Collected material ::

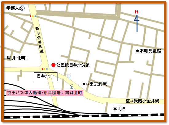 5.公民館貫井北分館 貫井北町1-11-13 TEL:042-385-3401
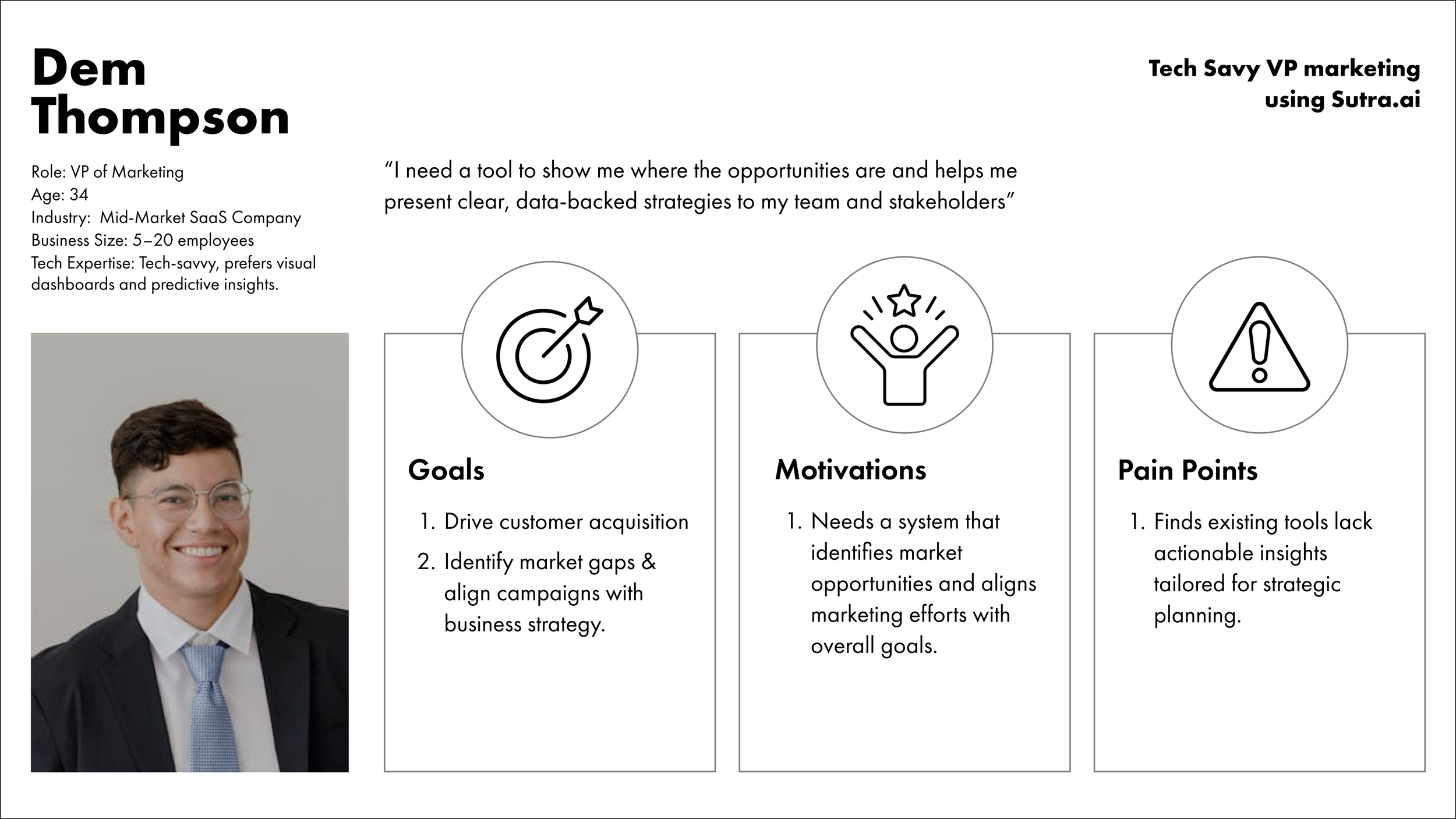 Created user personas, based on existing research that Sutra had on their consumer, to better understand pain points and needs.
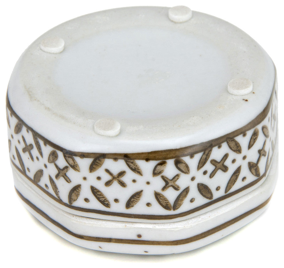 This beautiful trinket box is made from fine white porcelain and hand painted in golden-brown with traditional Chinese designs. A perfect place to keep jewelry, mementos, and other small valuables, this porcelain box would make an ideal present for a loved one.

Brief :: Repeat the data exactly, dropping every picture it holds.

Task solution ::
 5.公民館貫井北分館 貫井北町1-11-13 TEL:042-385-3401
 Created user personas, based on existing research that Sutra had on their consumer, to better understand pain points and needs.
 This beautiful trinket box is made from fine white porcelain and hand painted in golden-brown with traditional Chinese designs. A perfect place to keep jewelry, mementos, and other small valuables, this porcelain box would make an ideal present for a loved one.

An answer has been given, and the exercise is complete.